> [Problem requirements] Nothing may be left out of the listing below but its images; repeat the rest exactly.

> [Data below]

------------

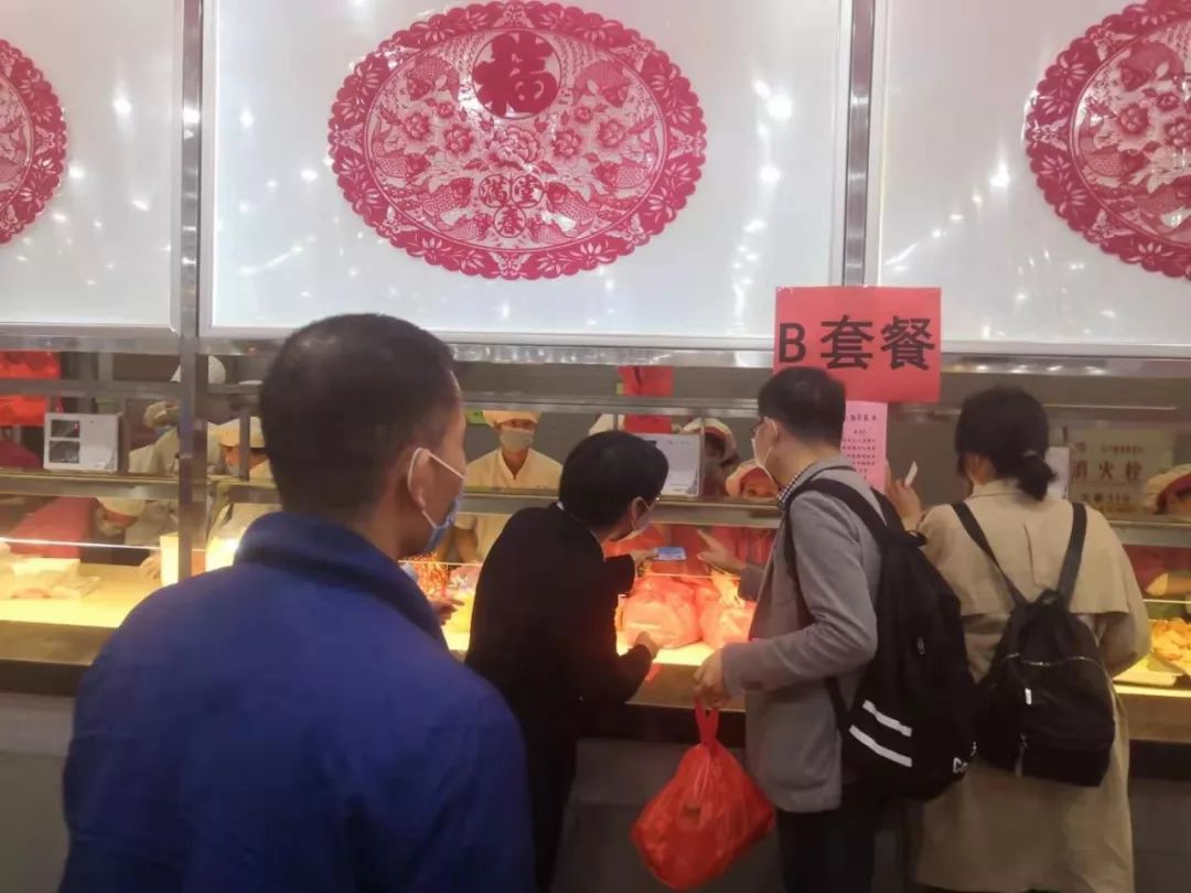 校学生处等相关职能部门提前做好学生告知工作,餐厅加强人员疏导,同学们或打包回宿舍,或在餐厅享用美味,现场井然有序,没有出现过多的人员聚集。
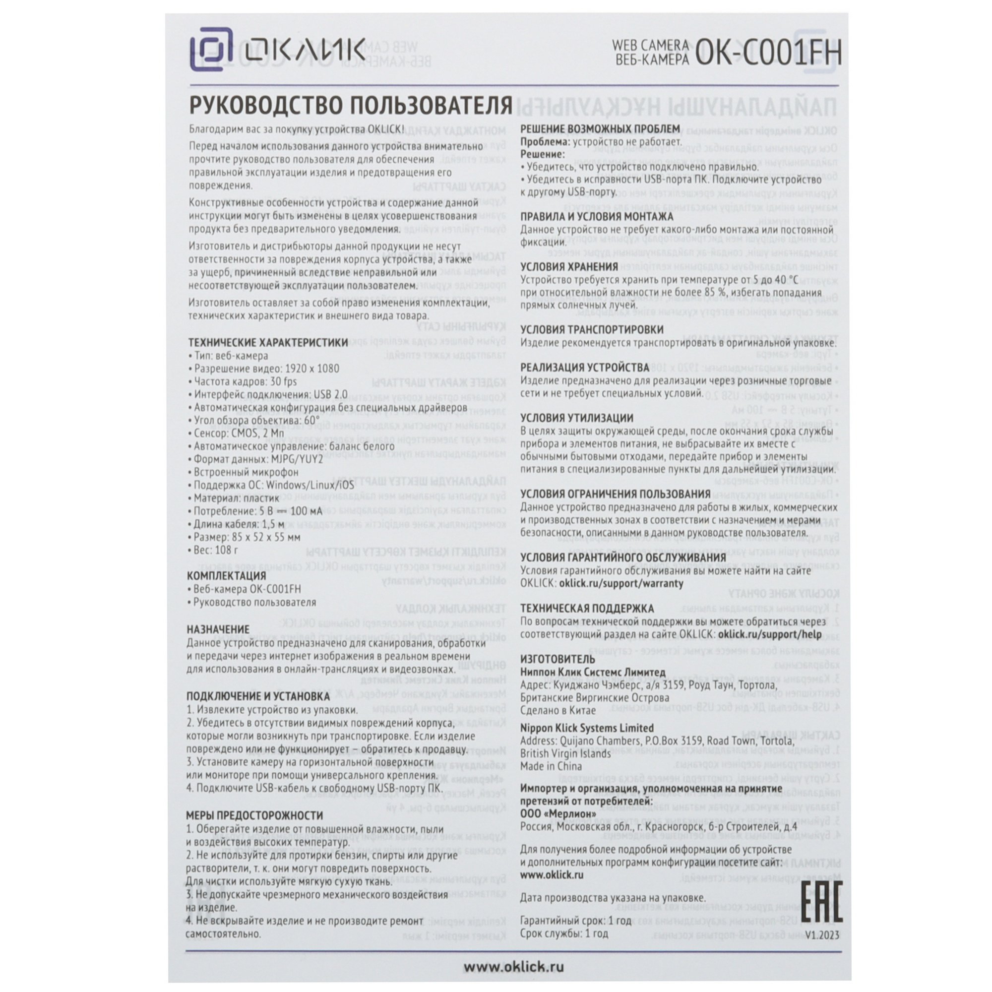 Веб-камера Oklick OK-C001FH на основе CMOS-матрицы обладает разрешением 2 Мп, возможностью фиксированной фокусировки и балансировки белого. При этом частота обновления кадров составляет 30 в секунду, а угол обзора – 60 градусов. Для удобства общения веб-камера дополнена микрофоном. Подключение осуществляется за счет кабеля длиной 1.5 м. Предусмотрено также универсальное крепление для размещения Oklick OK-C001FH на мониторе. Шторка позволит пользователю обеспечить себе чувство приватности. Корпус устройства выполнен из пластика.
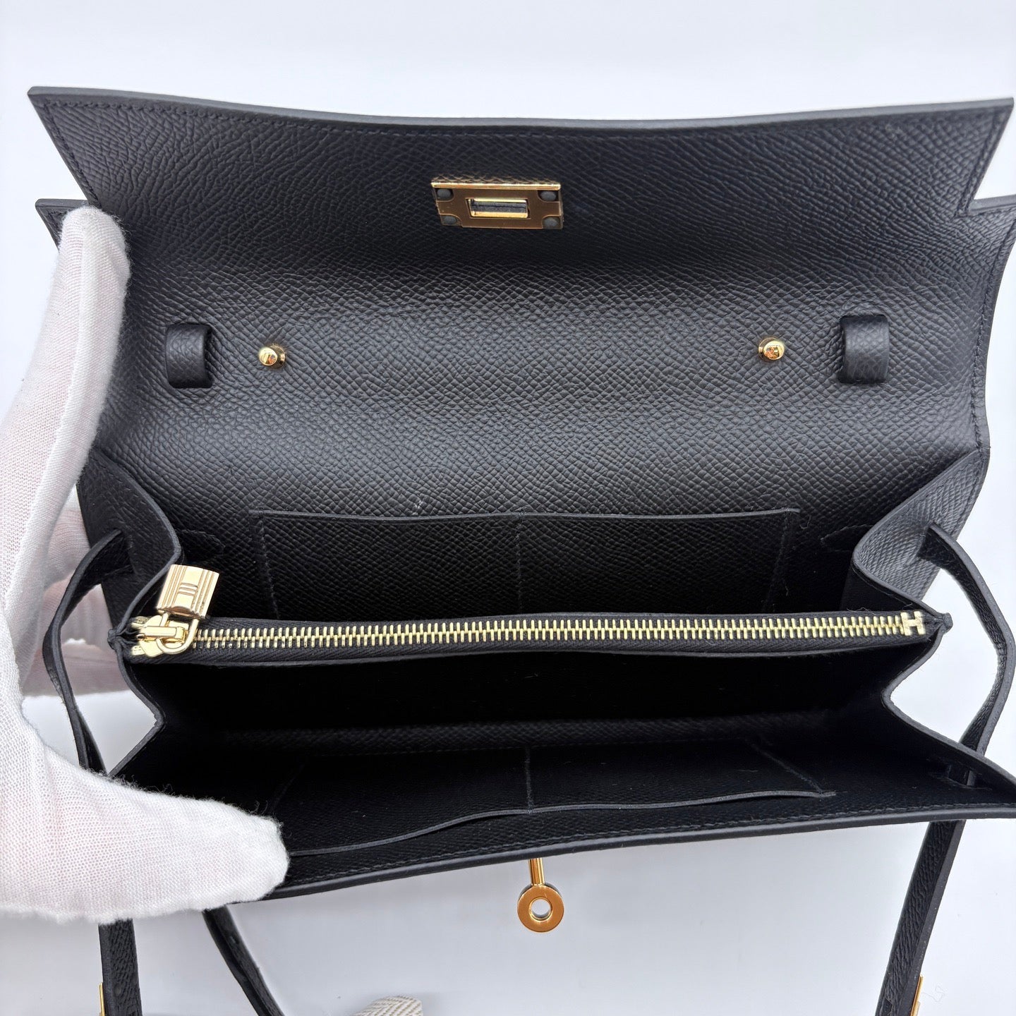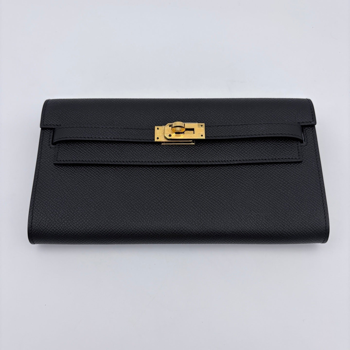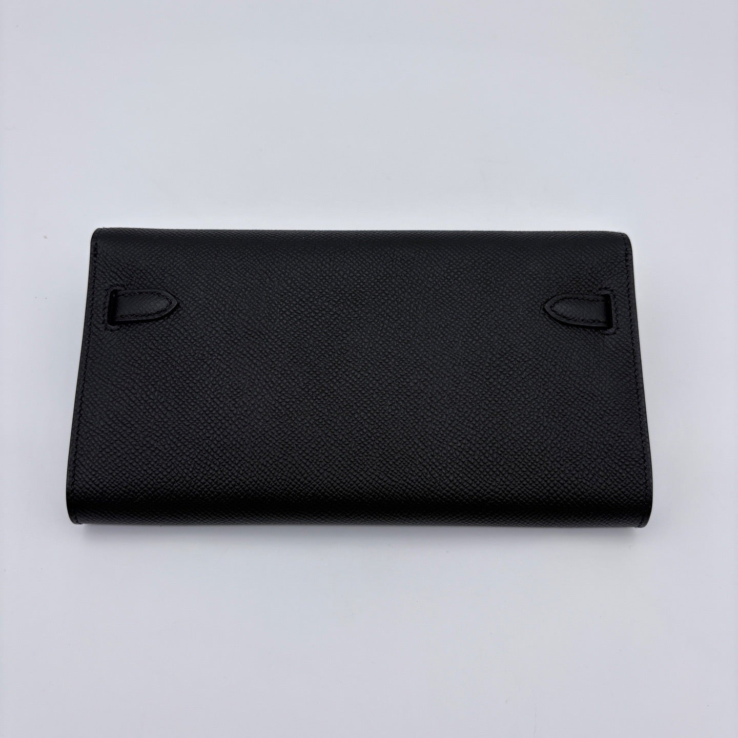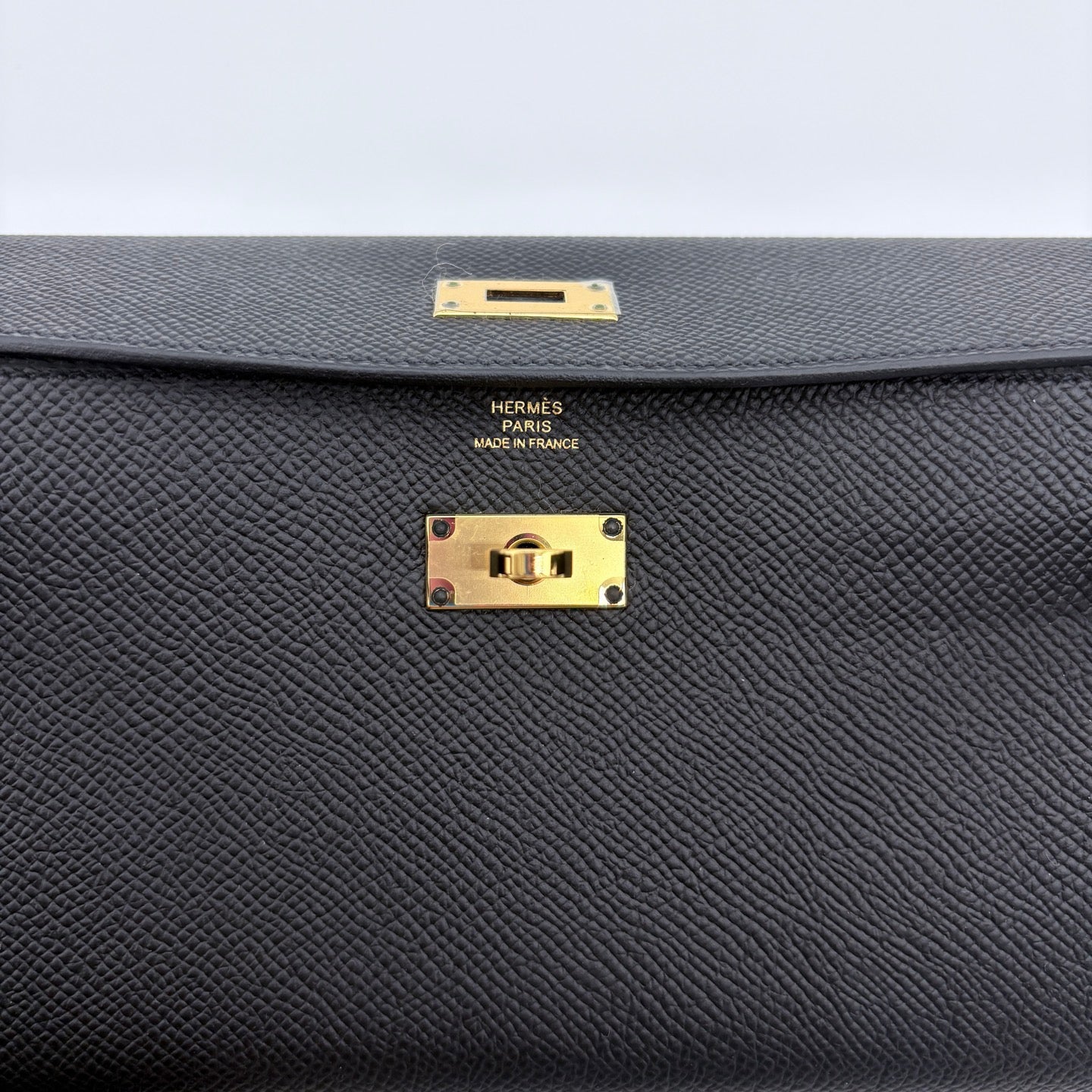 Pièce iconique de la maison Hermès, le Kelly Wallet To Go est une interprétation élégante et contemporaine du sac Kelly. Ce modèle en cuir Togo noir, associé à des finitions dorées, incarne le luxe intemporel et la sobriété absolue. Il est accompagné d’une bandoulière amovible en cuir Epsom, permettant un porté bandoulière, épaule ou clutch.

------------

> [Answer area]
 校学生处等相关职能部门提前做好学生告知工作,餐厅加强人员疏导,同学们或打包回宿舍,或在餐厅享用美味,现场井然有序,没有出现过多的人员聚集。
 Веб-камера Oklick OK-C001FH на основе CMOS-матрицы обладает разрешением 2 Мп, возможностью фиксированной фокусировки и балансировки белого. При этом частота обновления кадров составляет 30 в секунду, а угол обзора – 60 градусов. Для удобства общения веб-камера дополнена микрофоном. Подключение осуществляется за счет кабеля длиной 1.5 м. Предусмотрено также универсальное крепление для размещения Oklick OK-C001FH на мониторе. Шторка позволит пользователю обеспечить себе чувство приватности. Корпус устройства выполнен из пластика.
 Pièce iconique de la maison Hermès, le Kelly Wallet To Go est une interprétation élégante et contemporaine du sac Kelly. Ce modèle en cuir Togo noir, associé à des finitions dorées, incarne le luxe intemporel et la sobriété absolue. Il est accompagné d’une bandoulière amovible en cuir Epsom, permettant un porté bandoulière, épaule ou clutch.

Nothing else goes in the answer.